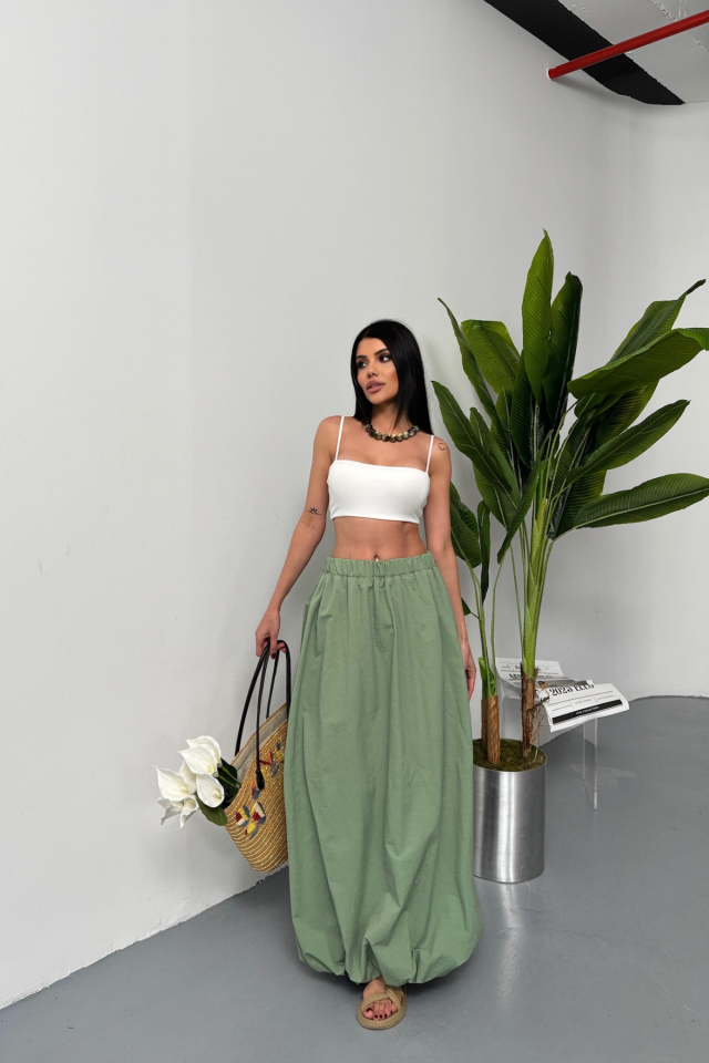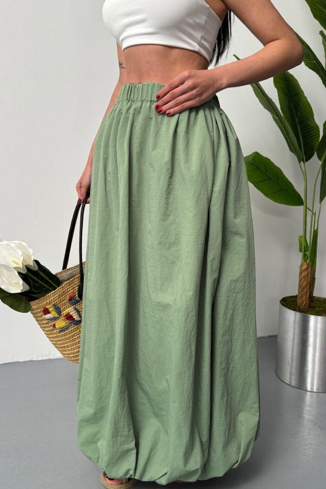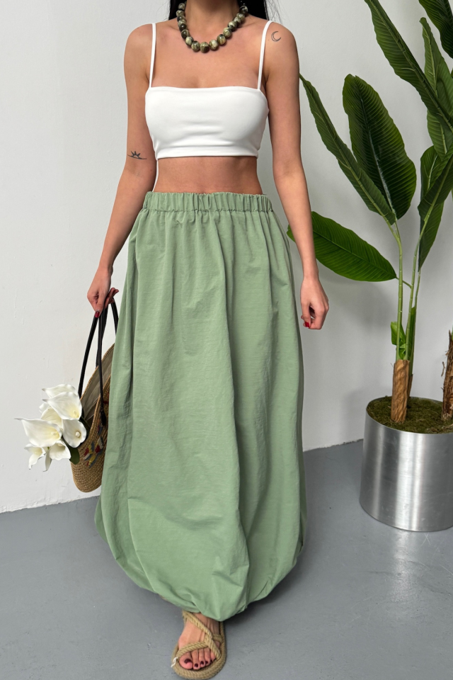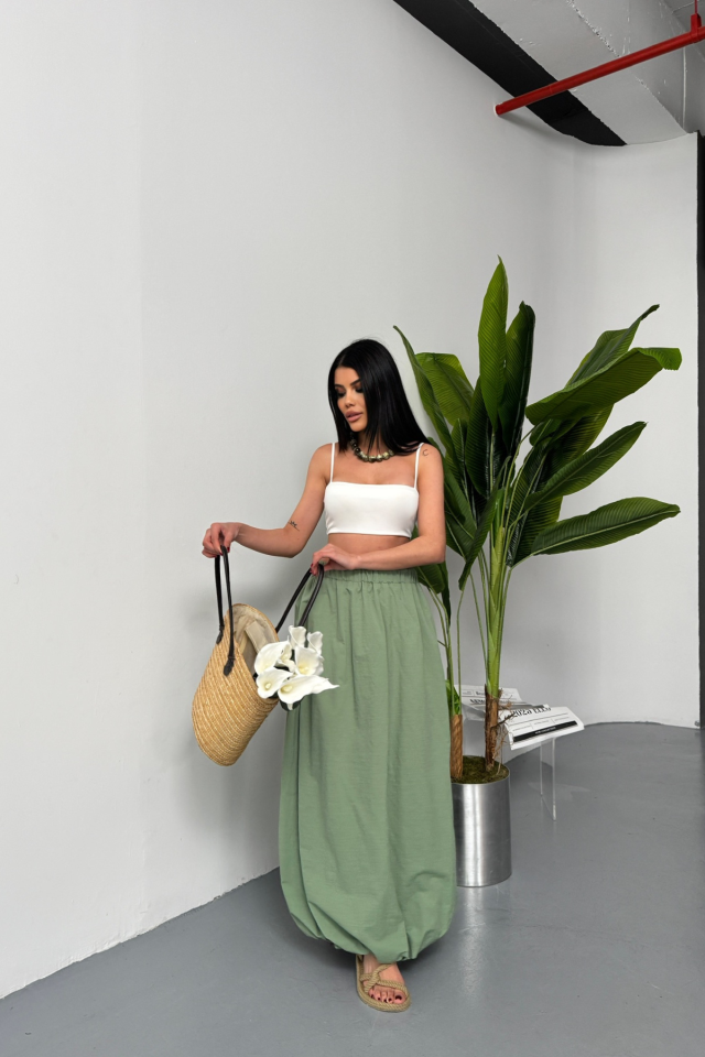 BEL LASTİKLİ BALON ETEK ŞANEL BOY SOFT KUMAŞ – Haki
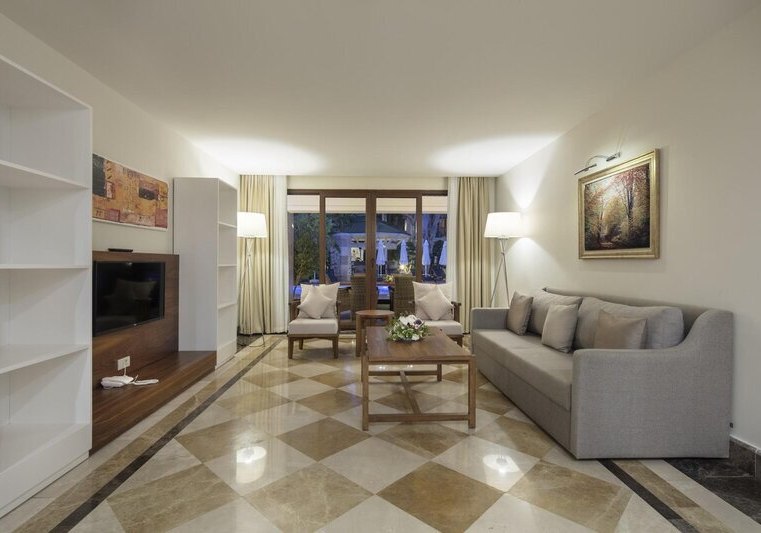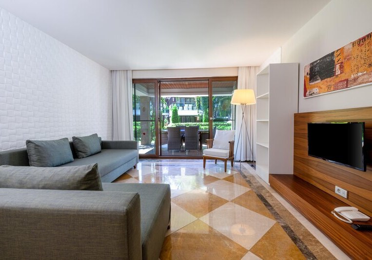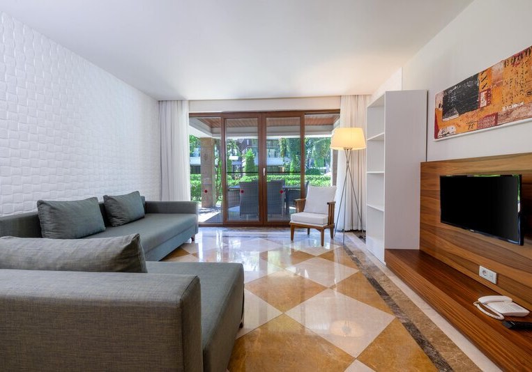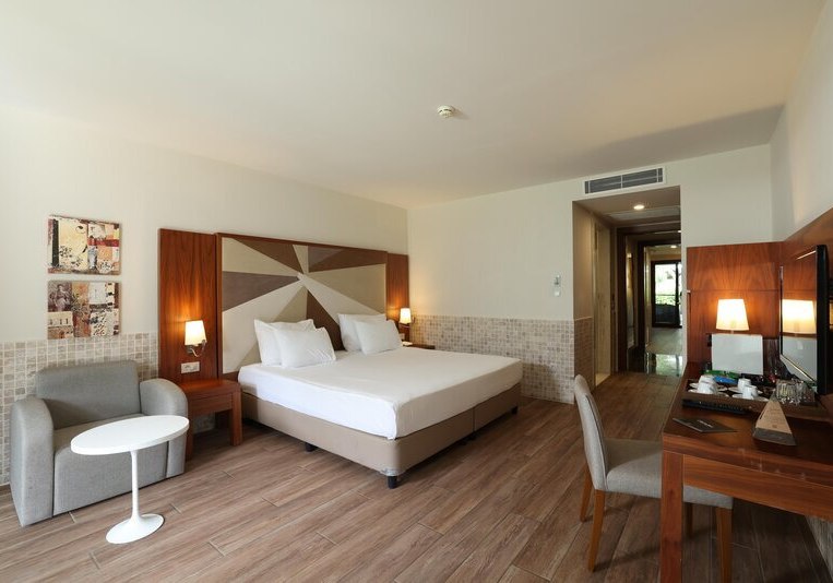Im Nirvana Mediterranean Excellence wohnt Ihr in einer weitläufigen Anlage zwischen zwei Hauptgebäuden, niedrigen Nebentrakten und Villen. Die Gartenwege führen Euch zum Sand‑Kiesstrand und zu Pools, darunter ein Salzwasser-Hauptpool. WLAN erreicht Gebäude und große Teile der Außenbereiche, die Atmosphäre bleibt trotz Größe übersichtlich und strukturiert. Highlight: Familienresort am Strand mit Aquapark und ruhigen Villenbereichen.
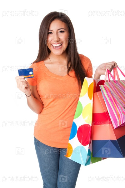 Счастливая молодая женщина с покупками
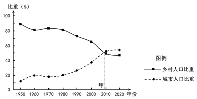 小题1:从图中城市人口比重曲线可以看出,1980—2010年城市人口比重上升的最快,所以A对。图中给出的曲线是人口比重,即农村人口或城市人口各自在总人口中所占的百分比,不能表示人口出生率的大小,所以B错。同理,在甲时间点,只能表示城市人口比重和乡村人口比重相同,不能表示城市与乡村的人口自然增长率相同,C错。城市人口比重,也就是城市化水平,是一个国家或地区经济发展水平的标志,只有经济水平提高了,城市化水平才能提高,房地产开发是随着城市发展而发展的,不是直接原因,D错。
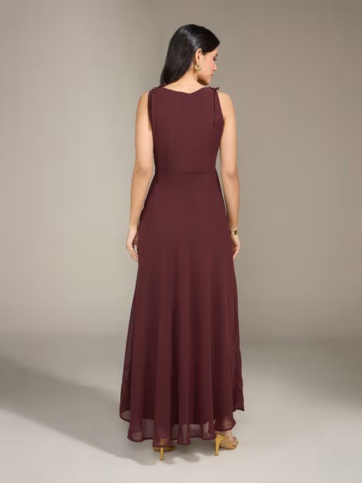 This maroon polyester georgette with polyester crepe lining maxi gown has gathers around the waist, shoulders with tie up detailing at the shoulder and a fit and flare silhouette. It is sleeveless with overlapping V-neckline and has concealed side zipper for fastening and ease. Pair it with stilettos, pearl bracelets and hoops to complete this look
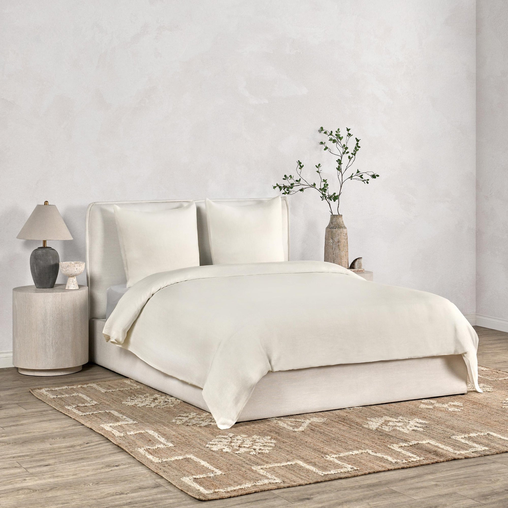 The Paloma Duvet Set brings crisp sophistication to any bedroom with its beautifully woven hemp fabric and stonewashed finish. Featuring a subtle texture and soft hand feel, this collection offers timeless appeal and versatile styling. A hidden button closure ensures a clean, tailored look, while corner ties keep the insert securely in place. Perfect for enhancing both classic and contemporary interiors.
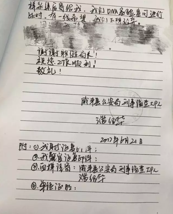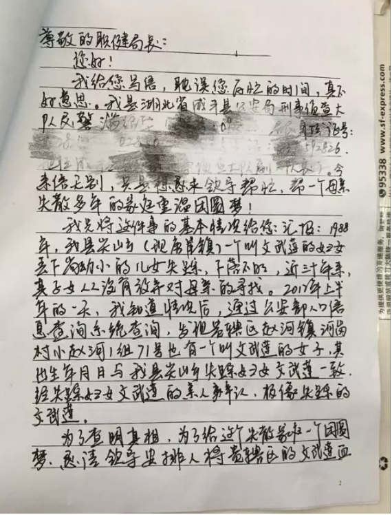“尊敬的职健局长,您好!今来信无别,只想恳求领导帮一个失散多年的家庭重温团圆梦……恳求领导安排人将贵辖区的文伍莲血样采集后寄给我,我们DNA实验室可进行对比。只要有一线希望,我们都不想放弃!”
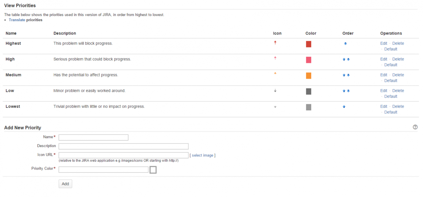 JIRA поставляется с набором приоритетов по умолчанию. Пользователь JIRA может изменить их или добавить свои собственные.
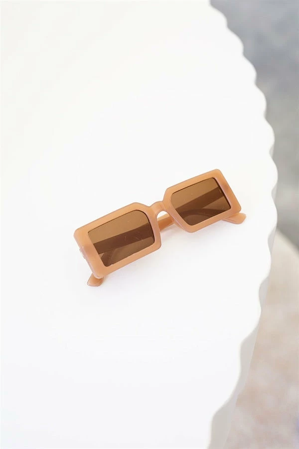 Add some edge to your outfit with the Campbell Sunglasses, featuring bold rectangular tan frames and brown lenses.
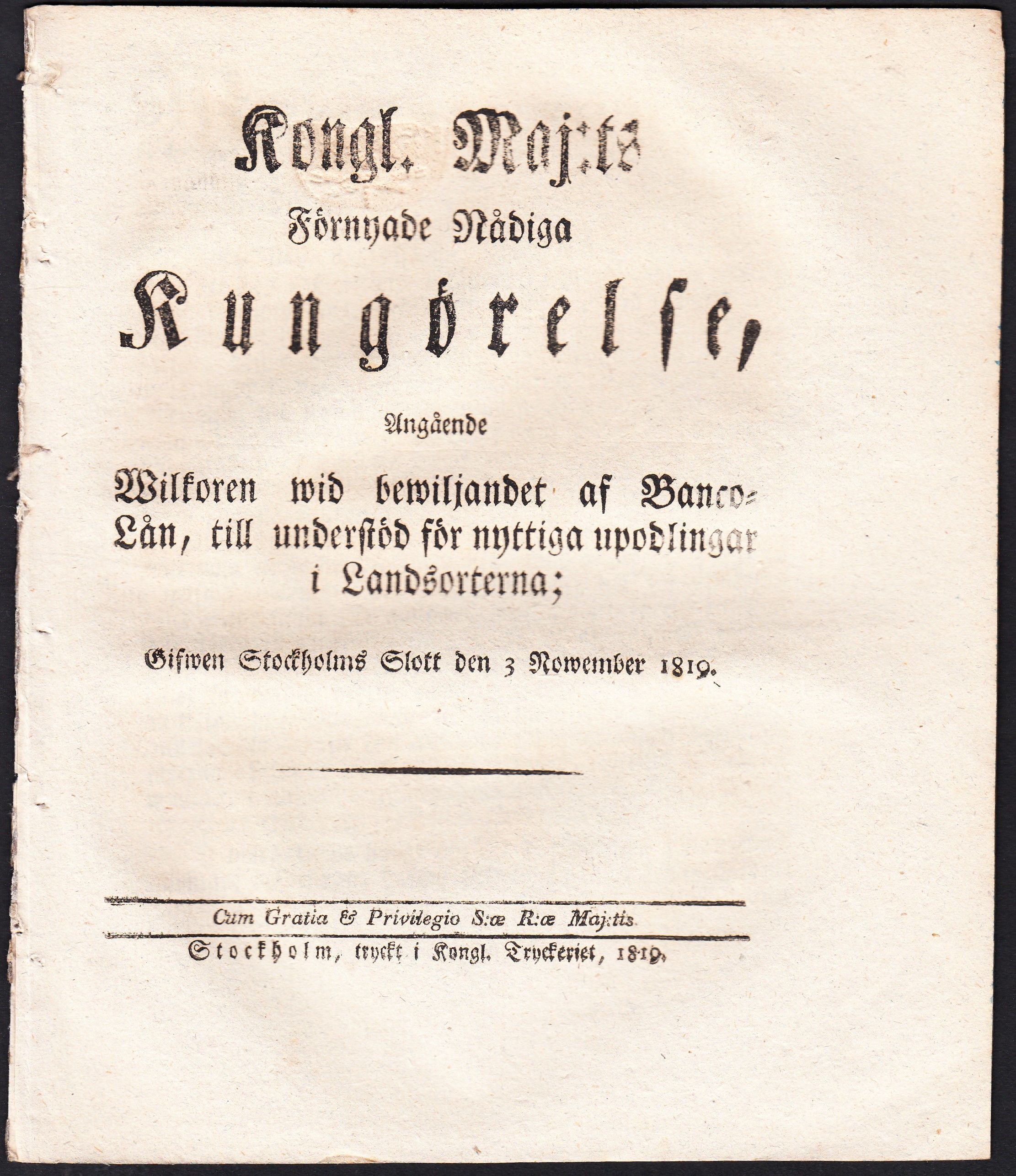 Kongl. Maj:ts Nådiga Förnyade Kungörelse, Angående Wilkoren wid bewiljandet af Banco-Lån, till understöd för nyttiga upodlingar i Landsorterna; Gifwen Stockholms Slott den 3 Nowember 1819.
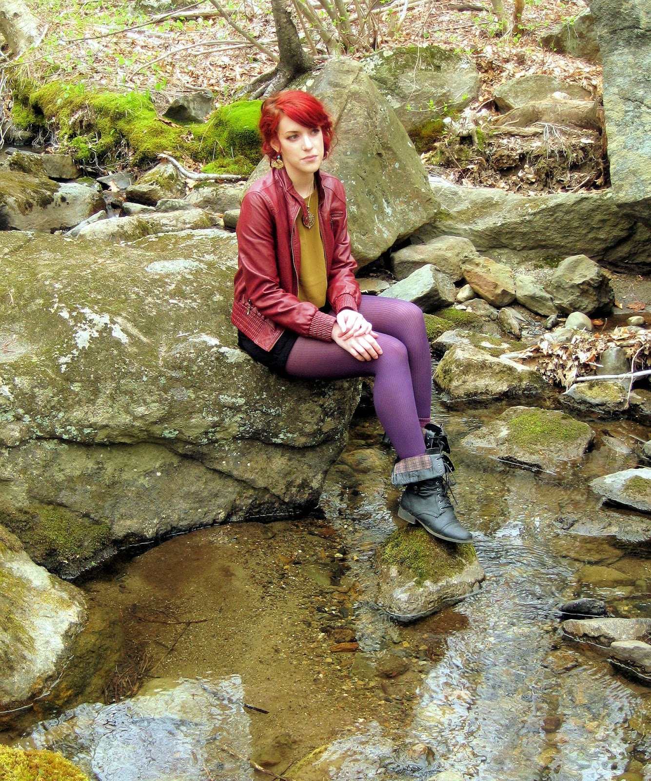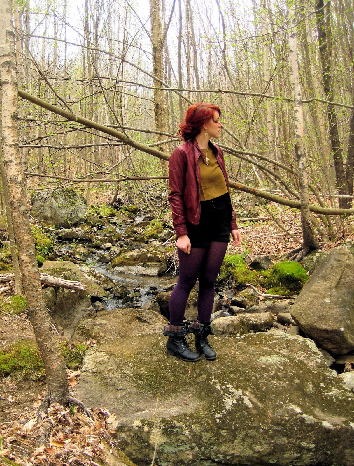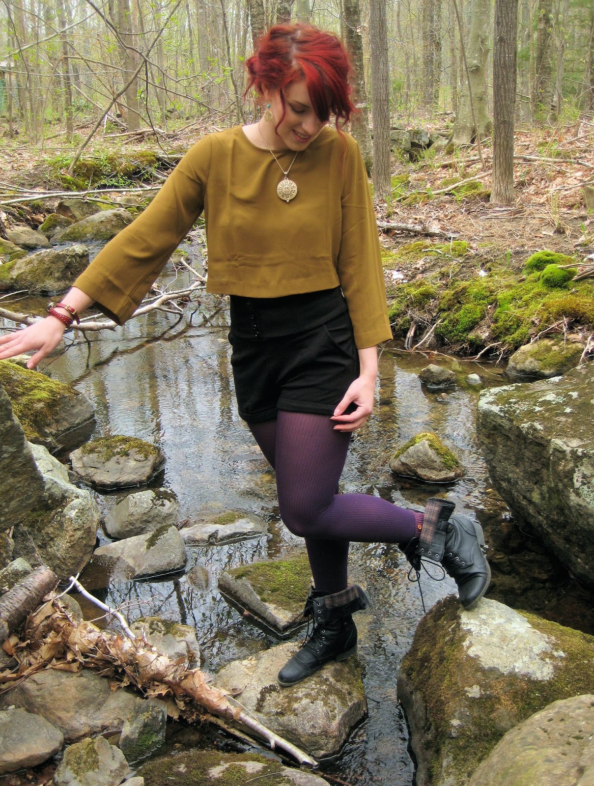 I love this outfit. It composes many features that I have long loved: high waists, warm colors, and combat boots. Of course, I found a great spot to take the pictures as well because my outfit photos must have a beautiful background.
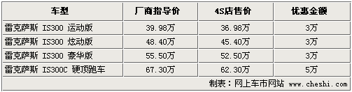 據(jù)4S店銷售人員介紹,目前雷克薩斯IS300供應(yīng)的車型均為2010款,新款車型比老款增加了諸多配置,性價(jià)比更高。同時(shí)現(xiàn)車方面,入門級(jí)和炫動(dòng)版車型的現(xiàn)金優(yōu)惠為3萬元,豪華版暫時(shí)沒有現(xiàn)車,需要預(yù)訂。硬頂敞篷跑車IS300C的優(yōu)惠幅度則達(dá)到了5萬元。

•••••

• Task: Restate every line above word for word. Do not carry over the images.

• Your response:
 BEL LASTİKLİ BALON ETEK ŞANEL BOY SOFT KUMAŞ – Haki
Im Nirvana Mediterranean Excellence wohnt Ihr in einer weitläufigen Anlage zwischen zwei Hauptgebäuden, niedrigen Nebentrakten und Villen. Die Gartenwege führen Euch zum Sand‑Kiesstrand und zu Pools, darunter ein Salzwasser-Hauptpool. WLAN erreicht Gebäude und große Teile der Außenbereiche, die Atmosphäre bleibt trotz Größe übersichtlich und strukturiert. Highlight: Familienresort am Strand mit Aquapark und ruhigen Villenbereichen.
 Счастливая молодая женщина с покупками
 小题1:从图中城市人口比重曲线可以看出,1980—2010年城市人口比重上升的最快,所以A对。图中给出的曲线是人口比重,即农村人口或城市人口各自在总人口中所占的百分比,不能表示人口出生率的大小,所以B错。同理,在甲时间点,只能表示城市人口比重和乡村人口比重相同,不能表示城市与乡村的人口自然增长率相同,C错。城市人口比重,也就是城市化水平,是一个国家或地区经济发展水平的标志,只有经济水平提高了,城市化水平才能提高,房地产开发是随着城市发展而发展的,不是直接原因,D错。
 This maroon polyester georgette with polyester crepe lining maxi gown has gathers around the waist, shoulders with tie up detailing at the shoulder and a fit and flare silhouette. It is sleeveless with overlapping V-neckline and has concealed side zipper for fastening and ease. Pair it with stilettos, pearl bracelets and hoops to complete this look
 The Paloma Duvet Set brings crisp sophistication to any bedroom with its beautifully woven hemp fabric and stonewashed finish. Featuring a subtle texture and soft hand feel, this collection offers timeless appeal and versatile styling. A hidden button closure ensures a clean, tailored look, while corner ties keep the insert securely in place. Perfect for enhancing both classic and contemporary interiors.
“尊敬的职健局长,您好!今来信无别,只想恳求领导帮一个失散多年的家庭重温团圆梦……恳求领导安排人将贵辖区的文伍莲血样采集后寄给我,我们DNA实验室可进行对比。只要有一线希望,我们都不想放弃!”
 JIRA поставляется с набором приоритетов по умолчанию. Пользователь JIRA может изменить их или добавить свои собственные.
 Add some edge to your outfit with the Campbell Sunglasses, featuring bold rectangular tan frames and brown lenses.
 Kongl. Maj:ts Nådiga Förnyade Kungörelse, Angående Wilkoren wid bewiljandet af Banco-Lån, till understöd för nyttiga upodlingar i Landsorterna; Gifwen Stockholms Slott den 3 Nowember 1819.
 I love this outfit. It composes many features that I have long loved: high waists, warm colors, and combat boots. Of course, I found a great spot to take the pictures as well because my outfit photos must have a beautiful background.
 據(jù)4S店銷售人員介紹,目前雷克薩斯IS300供應(yīng)的車型均為2010款,新款車型比老款增加了諸多配置,性價(jià)比更高。同時(shí)現(xiàn)車方面,入門級(jí)和炫動(dòng)版車型的現(xiàn)金優(yōu)惠為3萬元,豪華版暫時(shí)沒有現(xiàn)車,需要預(yù)訂。硬頂敞篷跑車IS300C的優(yōu)惠幅度則達(dá)到了5萬元。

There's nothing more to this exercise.